▸ **Task description**
Within the entries below, output exactly the lines between the line containing "Because of Whataburger's" and the line containing "Всероссийское экономическое Собрание", inclusive, and omit any picture.

▸ **Source material**
○ ○ ○ ○ ○

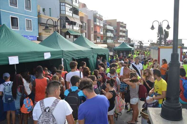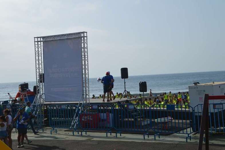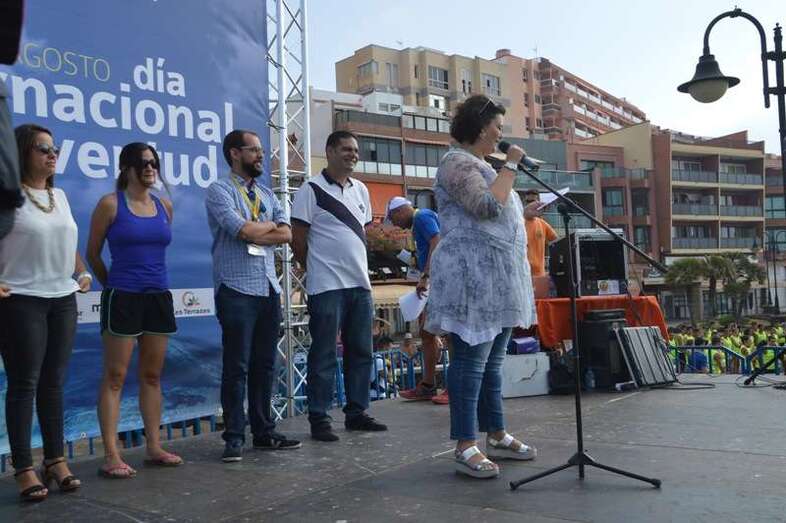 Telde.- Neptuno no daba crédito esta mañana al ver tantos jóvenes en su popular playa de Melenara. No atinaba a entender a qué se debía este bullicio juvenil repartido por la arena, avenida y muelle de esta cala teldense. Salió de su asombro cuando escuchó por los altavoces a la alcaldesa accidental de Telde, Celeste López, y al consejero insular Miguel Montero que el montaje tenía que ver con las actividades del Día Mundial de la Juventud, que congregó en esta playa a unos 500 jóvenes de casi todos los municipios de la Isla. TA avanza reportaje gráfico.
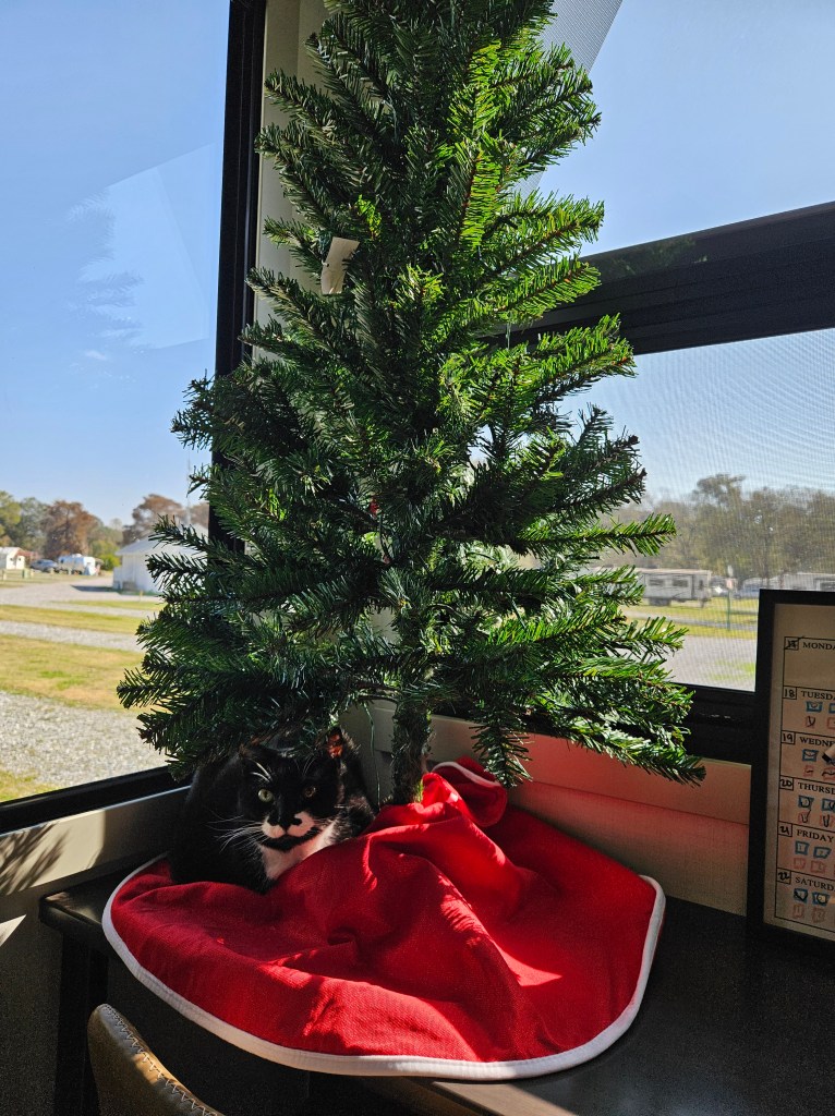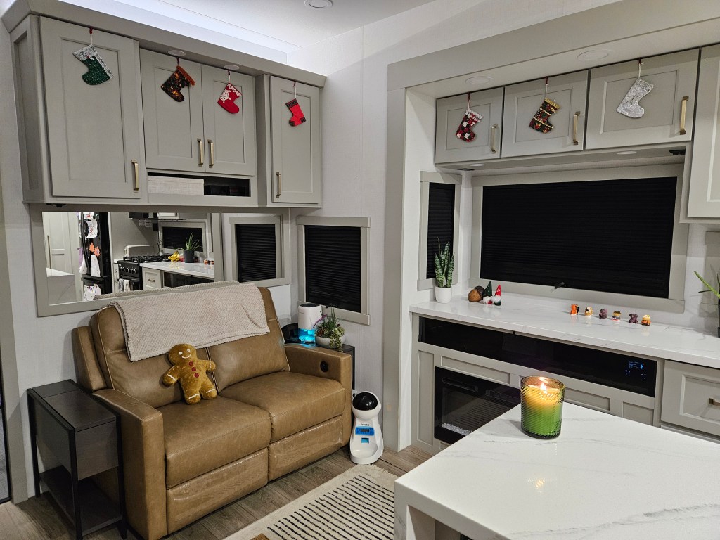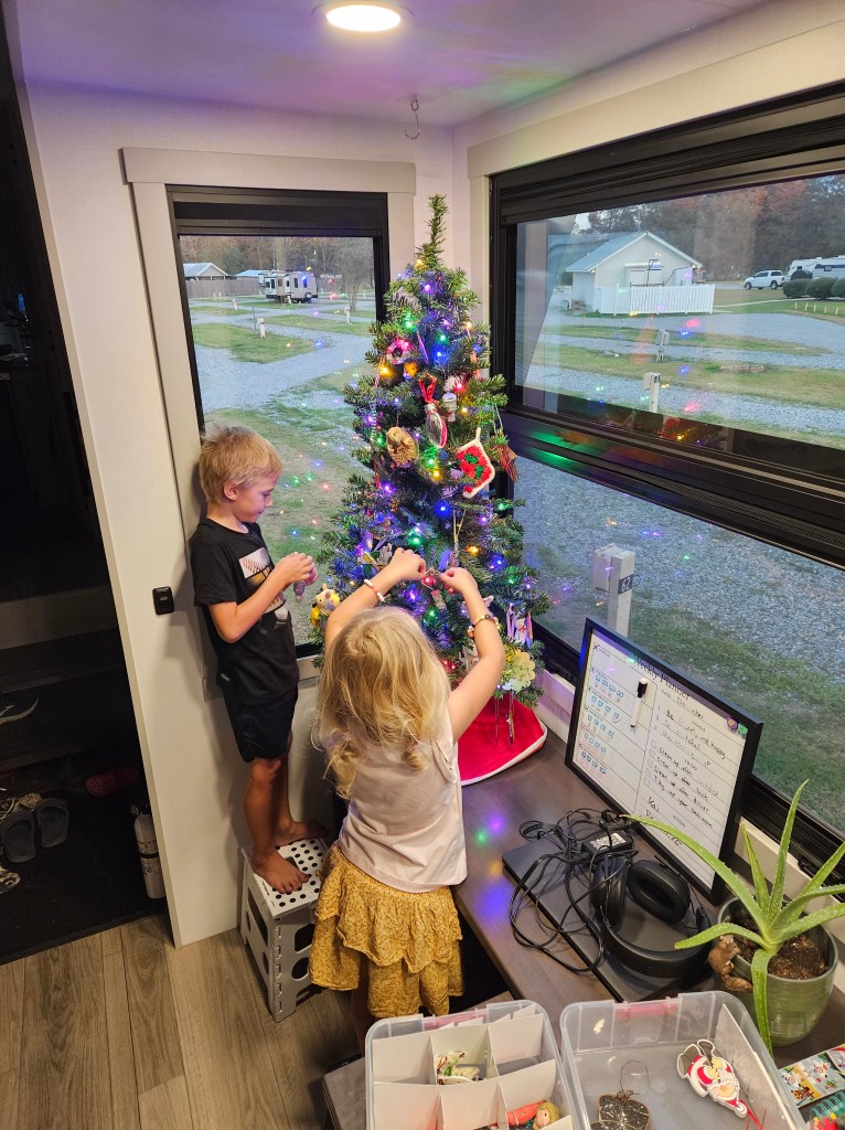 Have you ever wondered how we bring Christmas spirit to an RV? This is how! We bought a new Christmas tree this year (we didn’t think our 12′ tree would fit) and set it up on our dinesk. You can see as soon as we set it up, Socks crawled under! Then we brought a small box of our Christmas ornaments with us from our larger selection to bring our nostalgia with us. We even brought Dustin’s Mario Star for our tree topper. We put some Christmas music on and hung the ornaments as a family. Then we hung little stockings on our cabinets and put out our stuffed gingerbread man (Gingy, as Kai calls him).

○ ○ ○ ○ ○

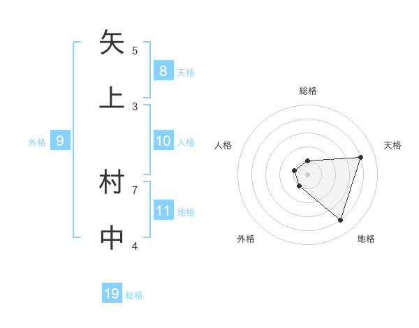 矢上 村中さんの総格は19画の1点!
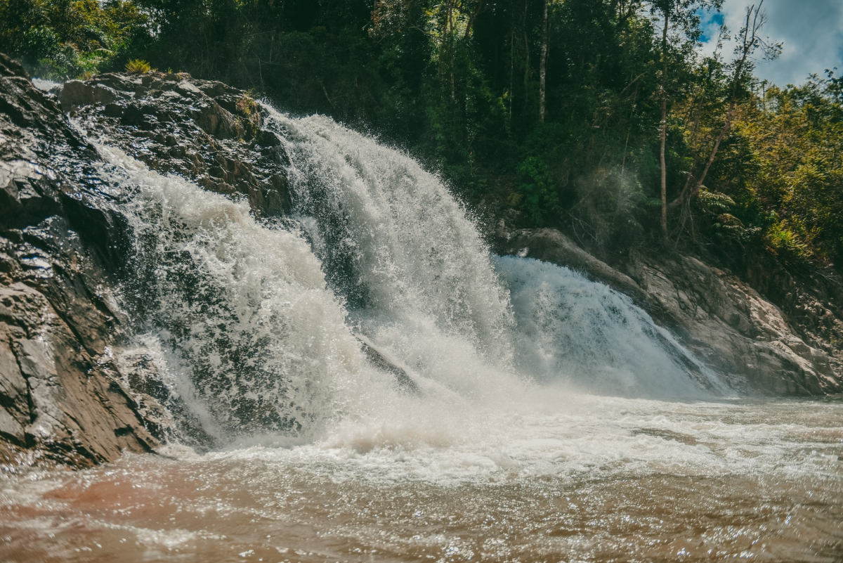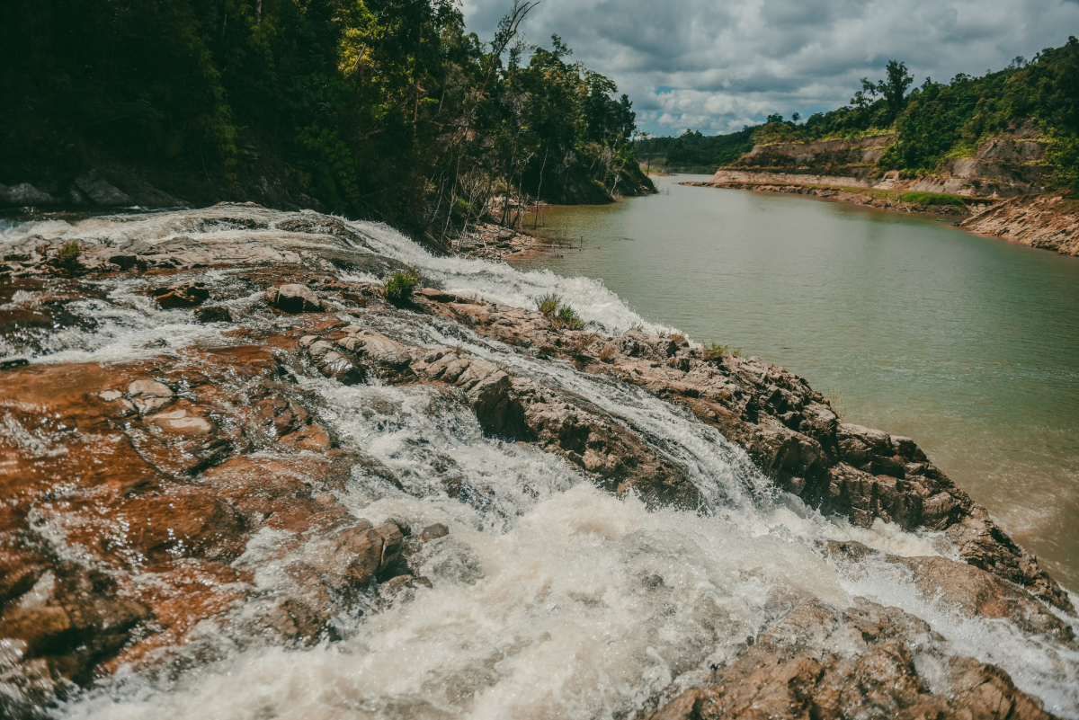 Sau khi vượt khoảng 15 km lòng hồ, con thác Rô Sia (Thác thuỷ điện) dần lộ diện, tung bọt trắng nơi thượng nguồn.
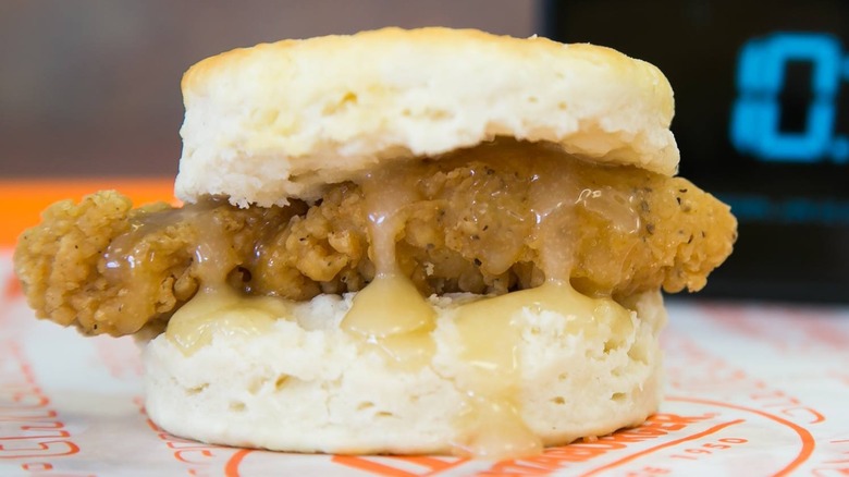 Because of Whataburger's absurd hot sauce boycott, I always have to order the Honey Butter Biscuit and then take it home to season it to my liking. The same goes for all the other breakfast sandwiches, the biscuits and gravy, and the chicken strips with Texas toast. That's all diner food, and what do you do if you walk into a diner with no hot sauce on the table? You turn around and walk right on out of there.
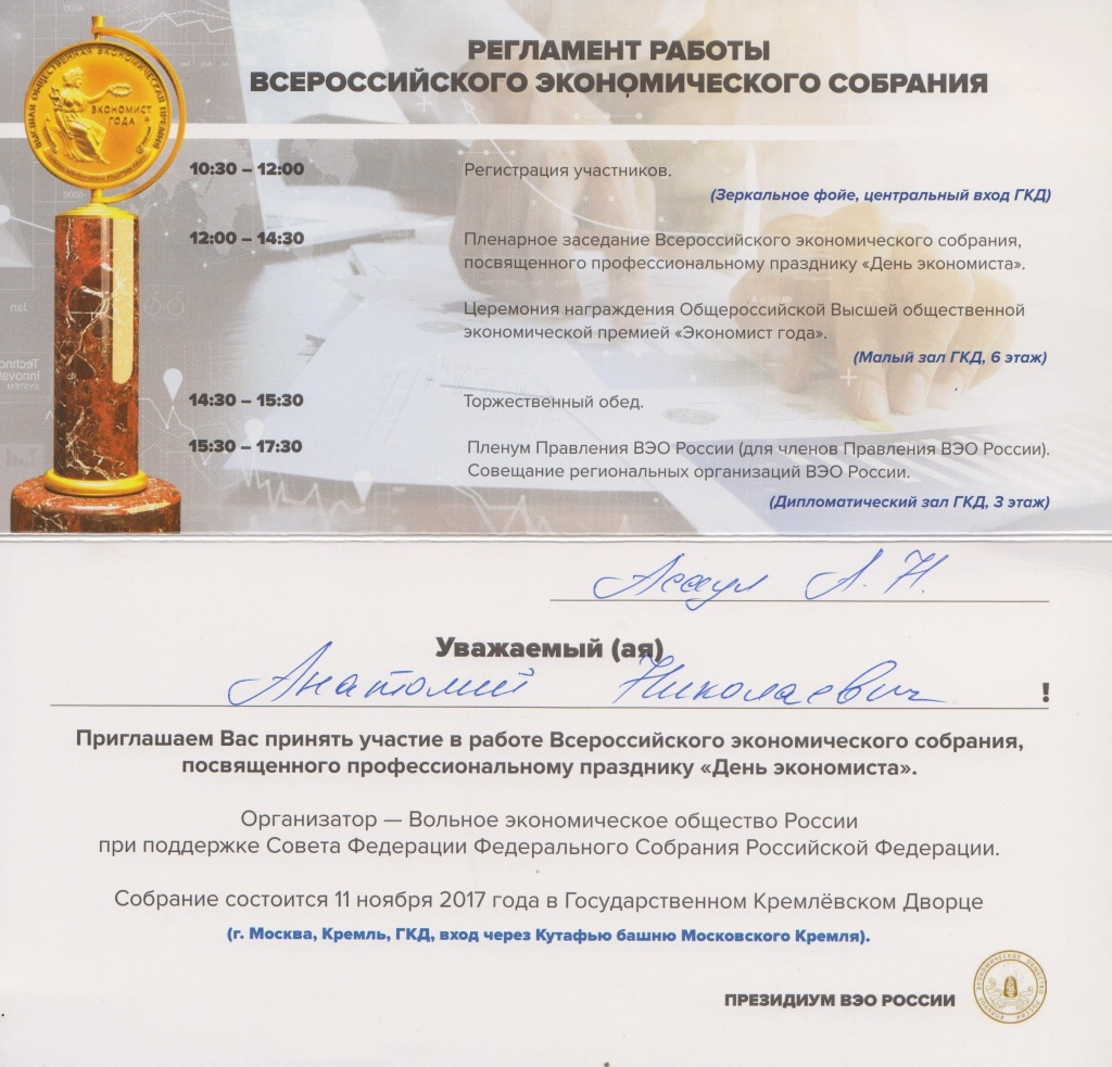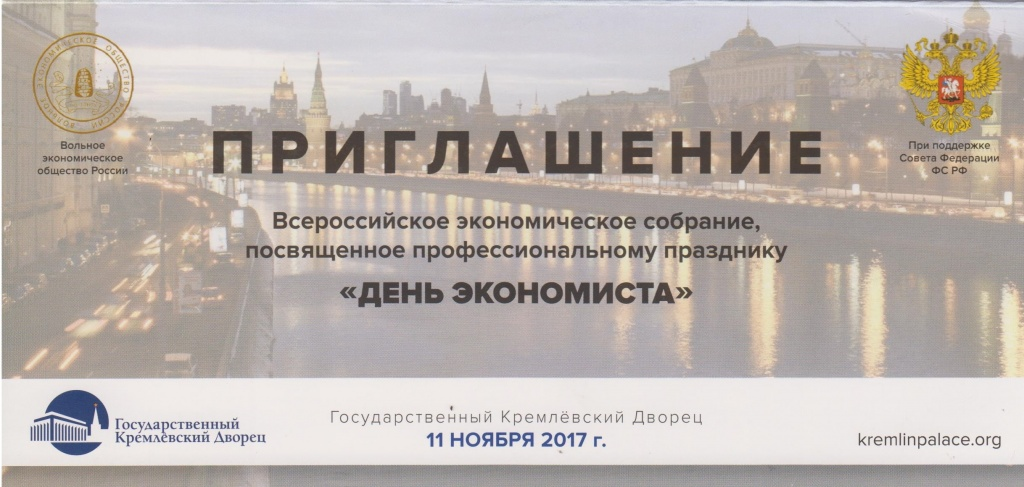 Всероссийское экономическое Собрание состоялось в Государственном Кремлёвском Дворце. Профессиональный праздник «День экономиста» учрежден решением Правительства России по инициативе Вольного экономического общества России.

○ ○ ○ ○ ○

▸ **Solution for this exercise**
 Because of Whataburger's absurd hot sauce boycott, I always have to order the Honey Butter Biscuit and then take it home to season it to my liking. The same goes for all the other breakfast sandwiches, the biscuits and gravy, and the chicken strips with Texas toast. That's all diner food, and what do you do if you walk into a diner with no hot sauce on the table? You turn around and walk right on out of there.
 Всероссийское экономическое Собрание состоялось в Государственном Кремлёвском Дворце. Профессиональный праздник «День экономиста» учрежден решением Правительства России по инициативе Вольного экономического общества России.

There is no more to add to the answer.